What is expected
A precise reproduction of every record below is needed, minus the pictures.

==== Source information

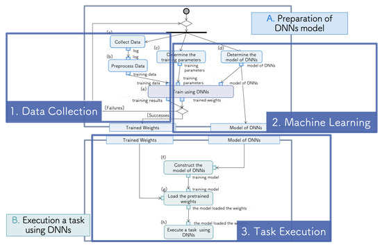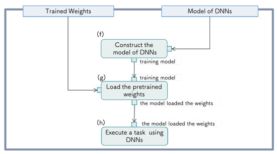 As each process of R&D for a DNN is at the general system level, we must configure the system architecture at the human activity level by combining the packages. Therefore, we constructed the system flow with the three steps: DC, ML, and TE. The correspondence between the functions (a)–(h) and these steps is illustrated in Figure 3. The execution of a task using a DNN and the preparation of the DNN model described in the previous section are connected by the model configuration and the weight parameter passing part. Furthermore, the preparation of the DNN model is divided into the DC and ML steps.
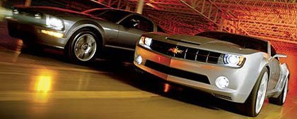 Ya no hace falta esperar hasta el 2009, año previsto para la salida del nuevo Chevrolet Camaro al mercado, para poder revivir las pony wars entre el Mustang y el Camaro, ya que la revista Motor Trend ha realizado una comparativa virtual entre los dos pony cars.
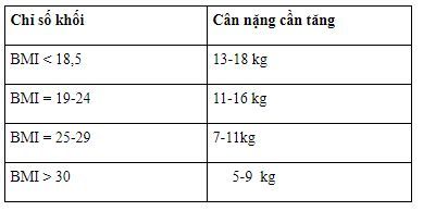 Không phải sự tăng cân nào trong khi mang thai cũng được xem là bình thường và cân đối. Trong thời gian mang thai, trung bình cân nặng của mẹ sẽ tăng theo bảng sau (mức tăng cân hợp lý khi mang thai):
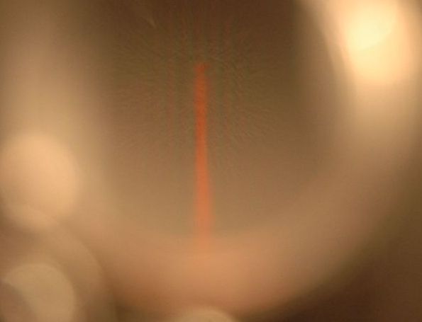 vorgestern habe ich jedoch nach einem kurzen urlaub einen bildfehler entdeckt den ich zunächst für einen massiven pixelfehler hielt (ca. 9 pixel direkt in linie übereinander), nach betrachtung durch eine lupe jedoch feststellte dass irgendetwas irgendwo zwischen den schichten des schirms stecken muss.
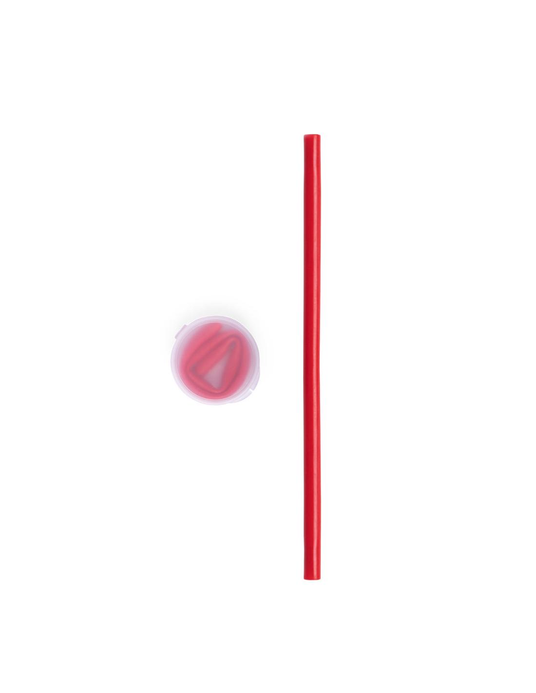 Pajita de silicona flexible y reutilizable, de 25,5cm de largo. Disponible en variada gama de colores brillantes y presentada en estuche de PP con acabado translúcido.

========

Solution below
 As each process of R&D for a DNN is at the general system level, we must configure the system architecture at the human activity level by combining the packages. Therefore, we constructed the system flow with the three steps: DC, ML, and TE. The correspondence between the functions (a)–(h) and these steps is illustrated in Figure 3. The execution of a task using a DNN and the preparation of the DNN model described in the previous section are connected by the model configuration and the weight parameter passing part. Furthermore, the preparation of the DNN model is divided into the DC and ML steps.
 Ya no hace falta esperar hasta el 2009, año previsto para la salida del nuevo Chevrolet Camaro al mercado, para poder revivir las pony wars entre el Mustang y el Camaro, ya que la revista Motor Trend ha realizado una comparativa virtual entre los dos pony cars.
 Không phải sự tăng cân nào trong khi mang thai cũng được xem là bình thường và cân đối. Trong thời gian mang thai, trung bình cân nặng của mẹ sẽ tăng theo bảng sau (mức tăng cân hợp lý khi mang thai):
 vorgestern habe ich jedoch nach einem kurzen urlaub einen bildfehler entdeckt den ich zunächst für einen massiven pixelfehler hielt (ca. 9 pixel direkt in linie übereinander), nach betrachtung durch eine lupe jedoch feststellte dass irgendetwas irgendwo zwischen den schichten des schirms stecken muss.
 Pajita de silicona flexible y reutilizable, de 25,5cm de largo. Disponible en variada gama de colores brillantes y presentada en estuche de PP con acabado translúcido.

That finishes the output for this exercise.